### Exercise
Gather every line of the entries that includes the word "Crafted".

### Data excerpts
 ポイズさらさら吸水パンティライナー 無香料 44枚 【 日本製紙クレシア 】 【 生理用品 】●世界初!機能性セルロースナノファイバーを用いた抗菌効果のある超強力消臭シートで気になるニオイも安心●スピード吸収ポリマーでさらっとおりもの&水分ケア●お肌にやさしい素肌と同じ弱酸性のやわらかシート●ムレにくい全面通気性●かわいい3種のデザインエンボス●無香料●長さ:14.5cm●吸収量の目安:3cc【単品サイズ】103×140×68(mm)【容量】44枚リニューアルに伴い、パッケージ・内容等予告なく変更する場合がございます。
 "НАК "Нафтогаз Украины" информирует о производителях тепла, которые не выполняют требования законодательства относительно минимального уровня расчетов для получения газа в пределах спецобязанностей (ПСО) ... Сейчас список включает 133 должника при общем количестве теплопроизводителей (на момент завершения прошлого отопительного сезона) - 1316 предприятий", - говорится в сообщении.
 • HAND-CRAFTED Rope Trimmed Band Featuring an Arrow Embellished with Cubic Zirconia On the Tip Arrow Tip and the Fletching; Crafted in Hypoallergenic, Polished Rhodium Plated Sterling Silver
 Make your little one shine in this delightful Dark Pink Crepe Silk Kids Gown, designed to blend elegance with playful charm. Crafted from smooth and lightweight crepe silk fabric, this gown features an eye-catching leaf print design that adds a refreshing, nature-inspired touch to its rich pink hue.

---

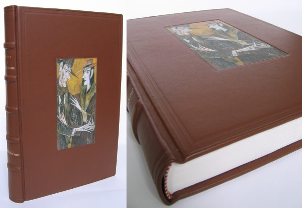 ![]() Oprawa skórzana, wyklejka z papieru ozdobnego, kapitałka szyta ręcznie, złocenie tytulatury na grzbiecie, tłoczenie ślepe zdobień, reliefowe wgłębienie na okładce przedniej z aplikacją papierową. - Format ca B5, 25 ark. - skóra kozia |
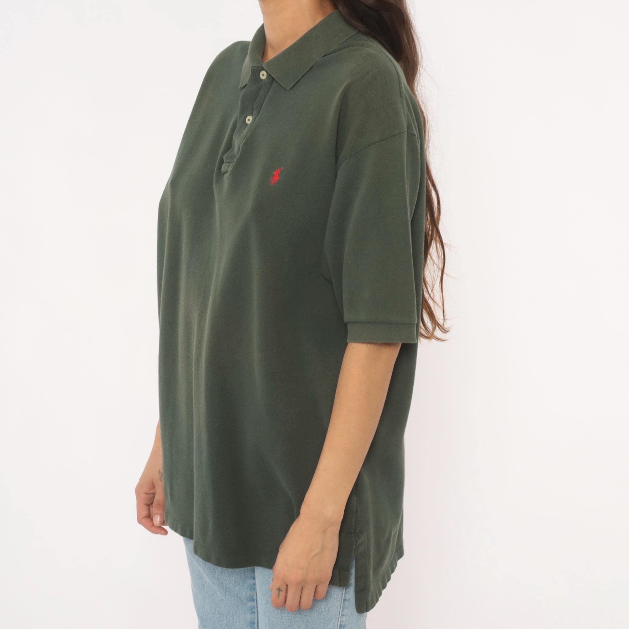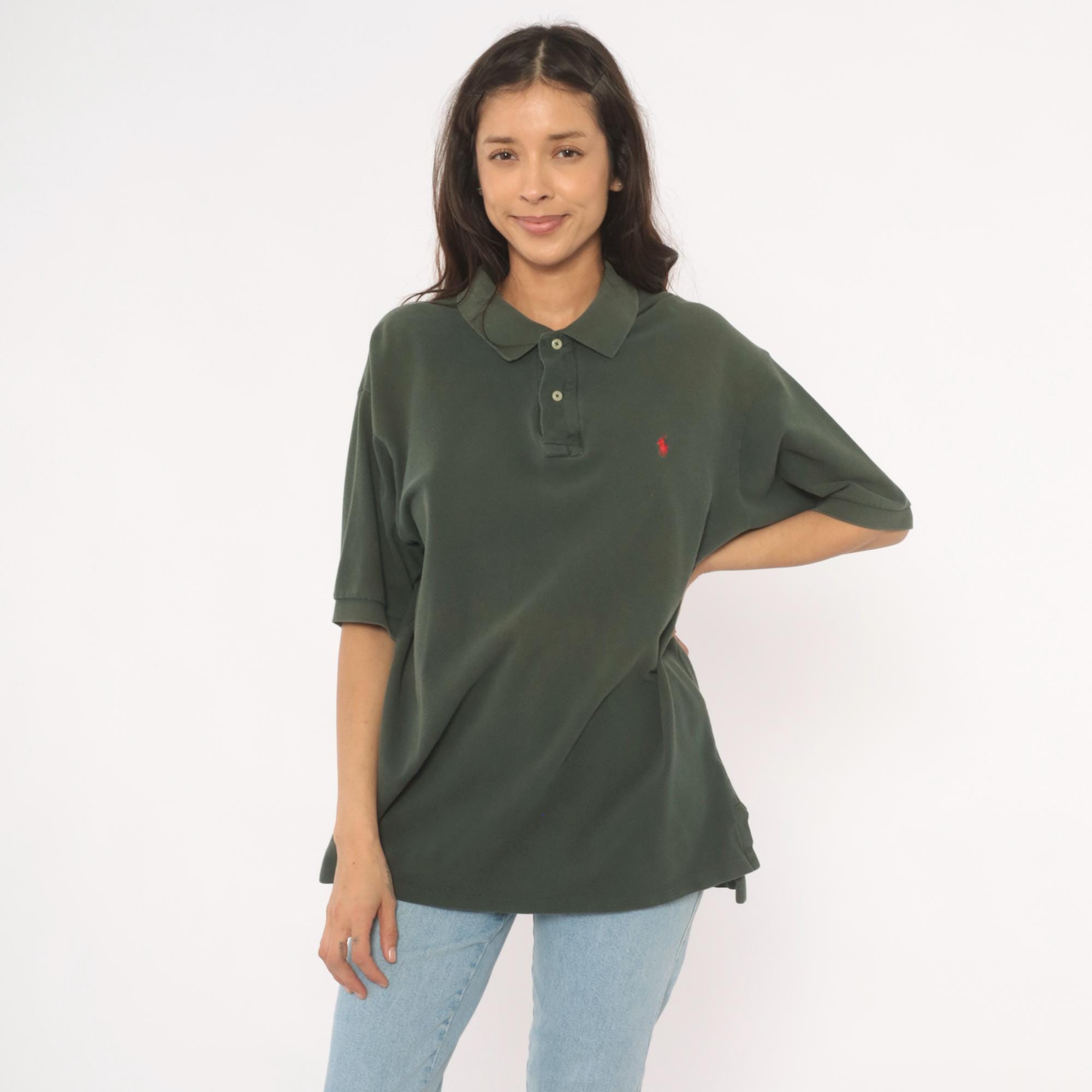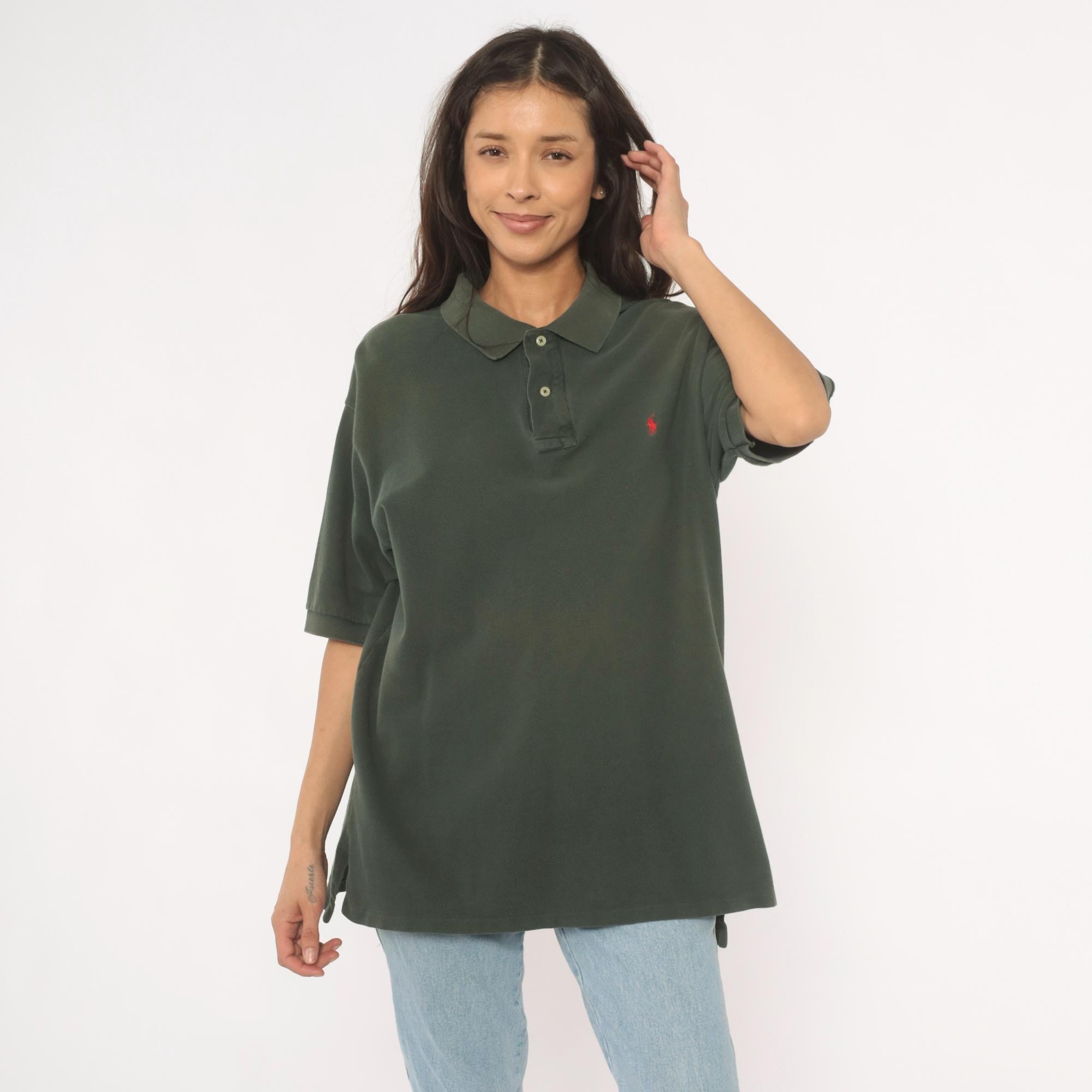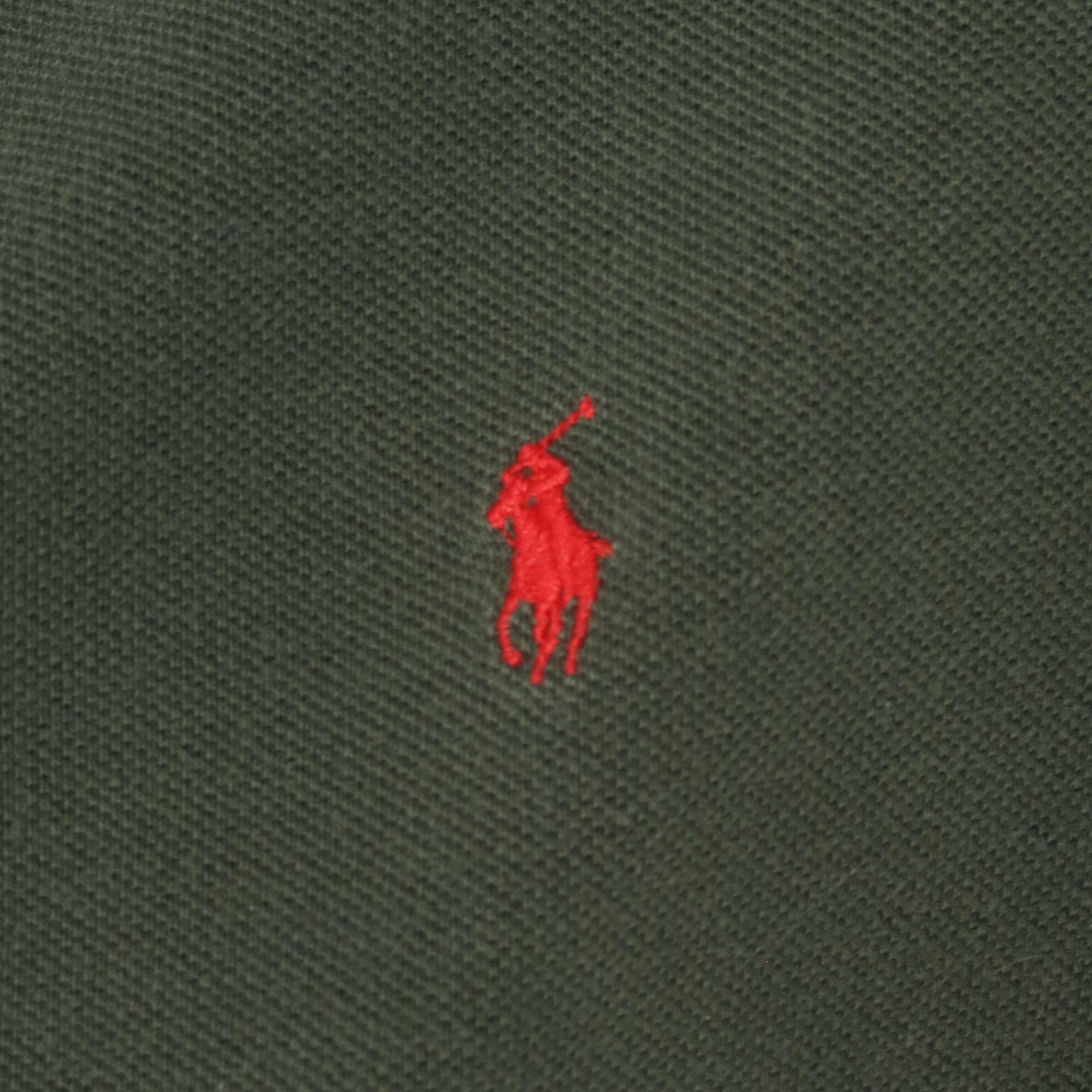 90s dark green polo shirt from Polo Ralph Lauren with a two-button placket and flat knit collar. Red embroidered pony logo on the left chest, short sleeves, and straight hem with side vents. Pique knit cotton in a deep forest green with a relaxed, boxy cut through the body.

### The answer
 • HAND-CRAFTED Rope Trimmed Band Featuring an Arrow Embellished with Cubic Zirconia On the Tip Arrow Tip and the Fletching; Crafted in Hypoallergenic, Polished Rhodium Plated Sterling Silver
 Make your little one shine in this delightful Dark Pink Crepe Silk Kids Gown, designed to blend elegance with playful charm. Crafted from smooth and lightweight crepe silk fabric, this gown features an eye-catching leaf print design that adds a refreshing, nature-inspired touch to its rich pink hue.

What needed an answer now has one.